Imagine you are at the edge of the sea on a day when it is difficult to say where the land ends and the sea begins and where the sea ends and the sky begins. Sea kayaking lets you explore these and your own boundaries and broadens your horizons. Sea kayaking is the new mountaineering.
Sunday, July 04, 2010
Of time and tide at the Falls of Lora
We drifted under the bridge at the the Connel Narrows on Loch Etive at 5km/hr.
It was 16:13, two hours before the start of the ebb.
It was a neap tide and despite the current, it was like a millpond over the shelf of the Falls of Lora.
At a spring tide on the flood we might have expected some decent standing waves here. On the ebb on a spring tide, the Falls can be very spectacular as Loch Etive drains into the sea over a rock shelf.

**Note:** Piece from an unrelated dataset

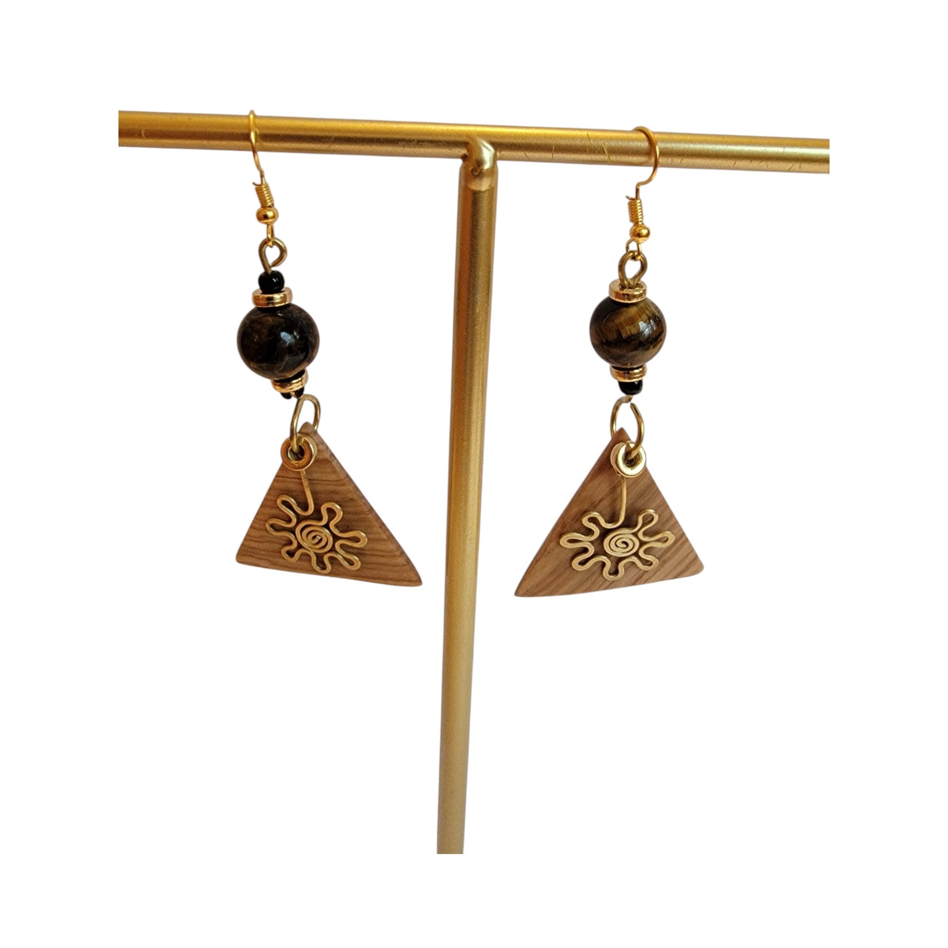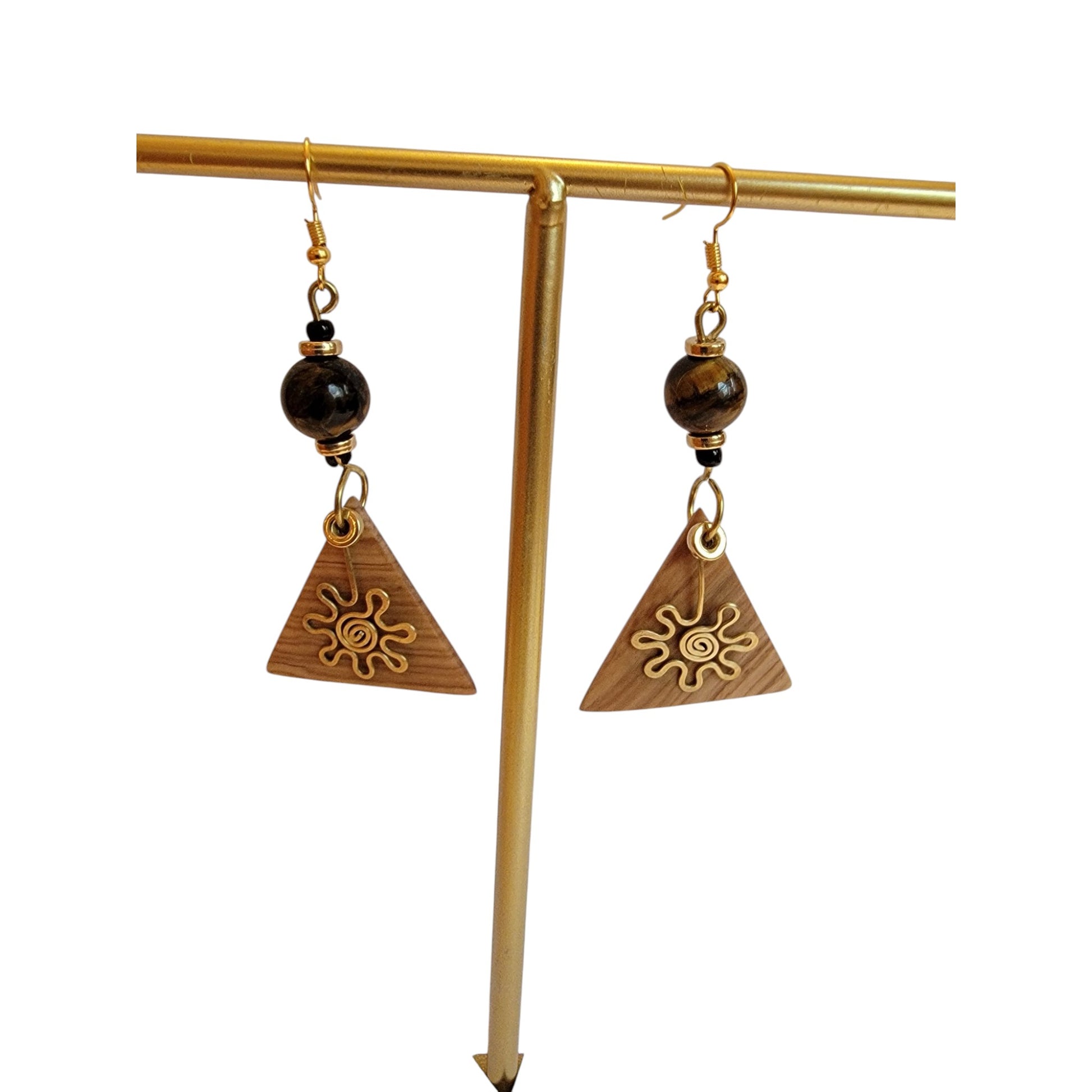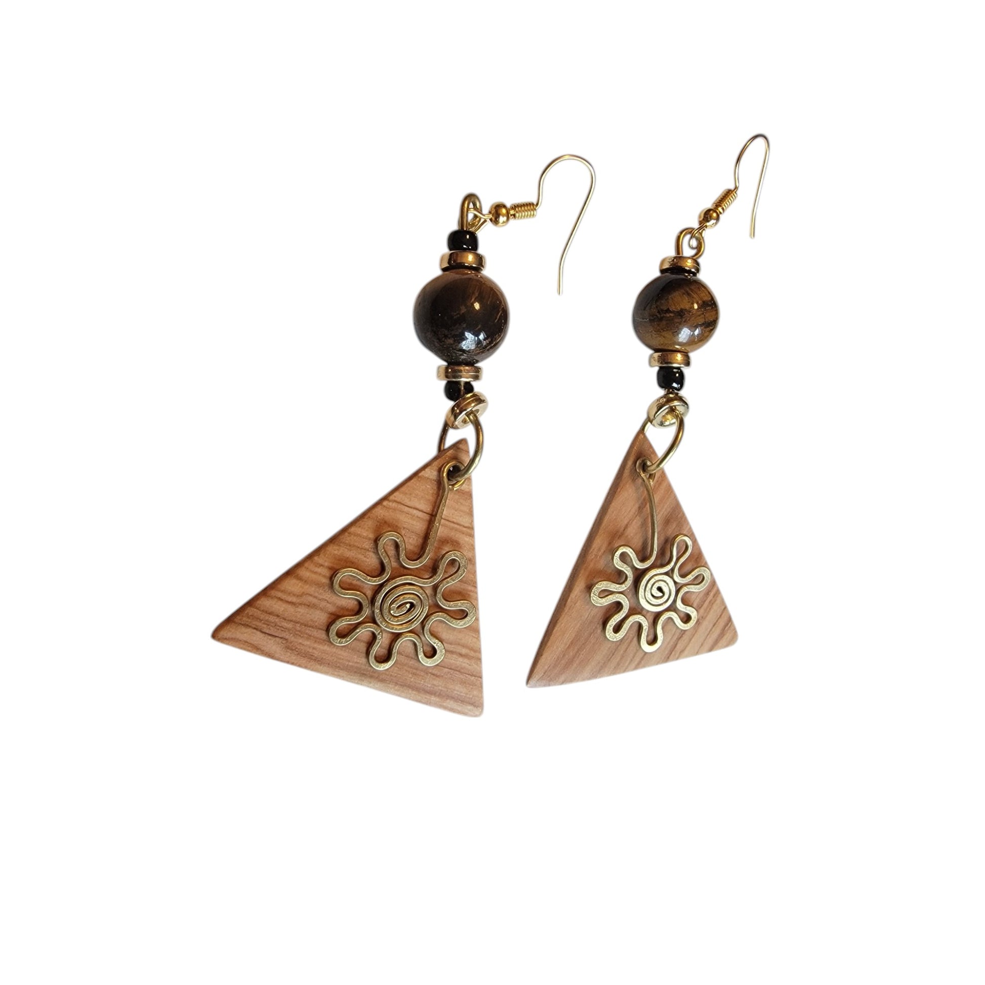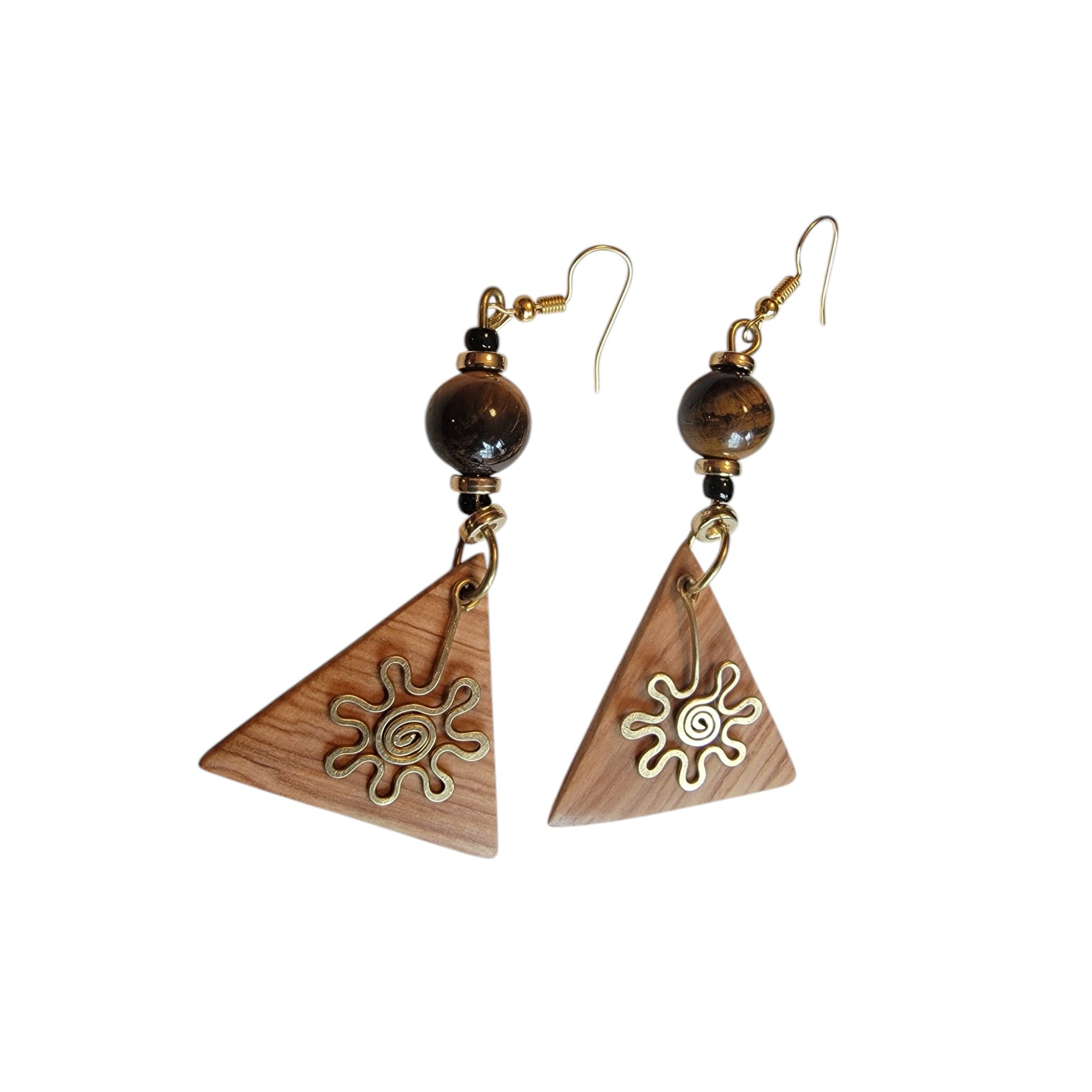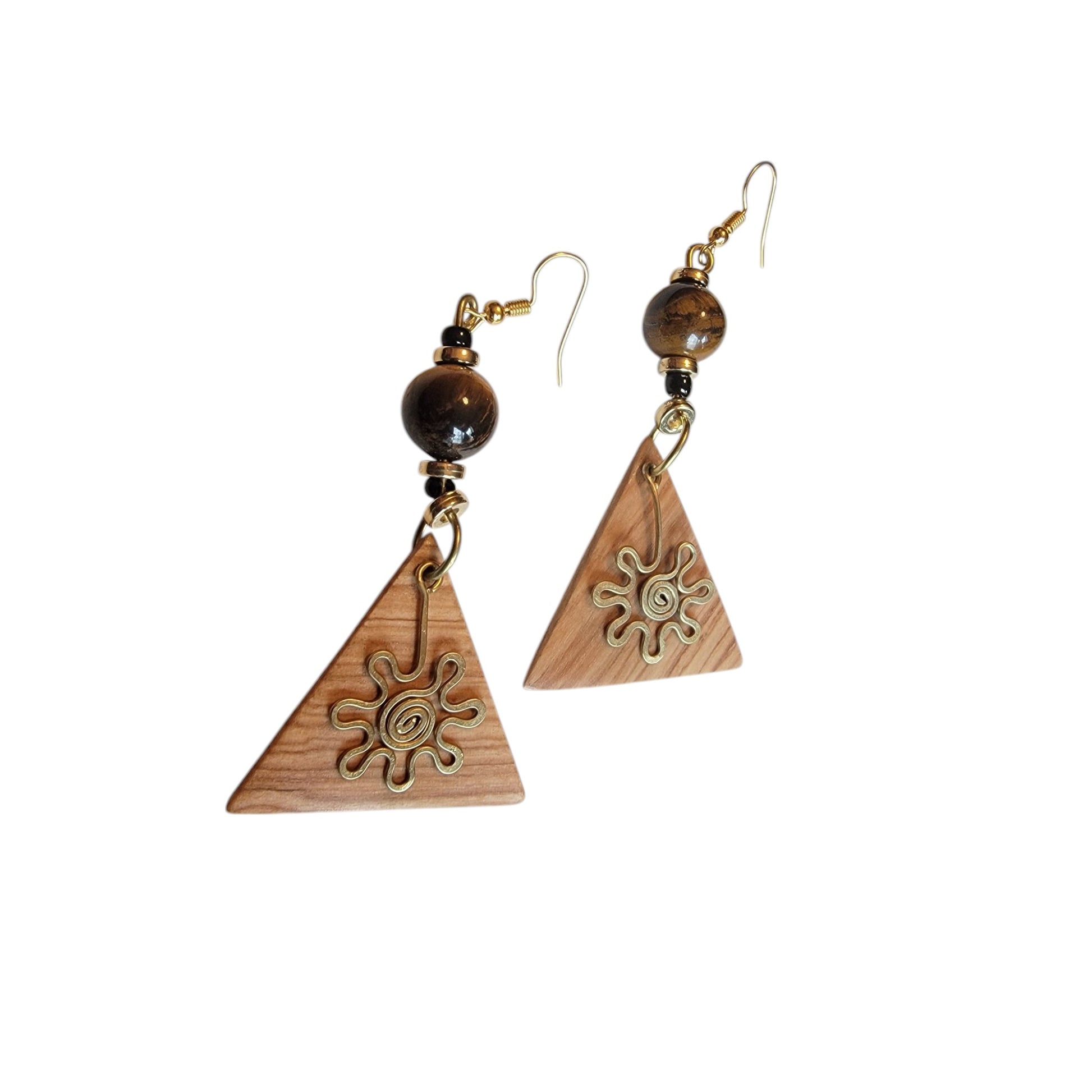 Materials: Tiger eye beads, Wooden Triaagle W/Brass

We were now being carried into the inner part of Loch Etive and the horizon ahead became closed in by the mountains.
Watching the bridge, we drifted backwards in the current for some way...
...until the bridge became obscured by a bend in the loch.
I am not the only member of my family to have enjoyed this view from a small boat. This photo was taken in July 1927 by my great grandfather, who explored many of the west coast lochs and islands by rowing boat. The view has hardly changed at all, despite the passage of 83 years.
This photo shows the Falls of Lora on the ebb tide, 2 days after springs at 12:08, when the best waves were predicted to form between 11:09 and 12:56.
Photo copyright Simon Willis www.seakayakroutes.com
This photo, by my friend Simon, was taken from a platform under the bridge at the 2006 Storm Gathering. It is one day before springs, on the ebb and shows the Falls in an altogether different light.
Its amazing the difference a few hours can make, if not 83 years!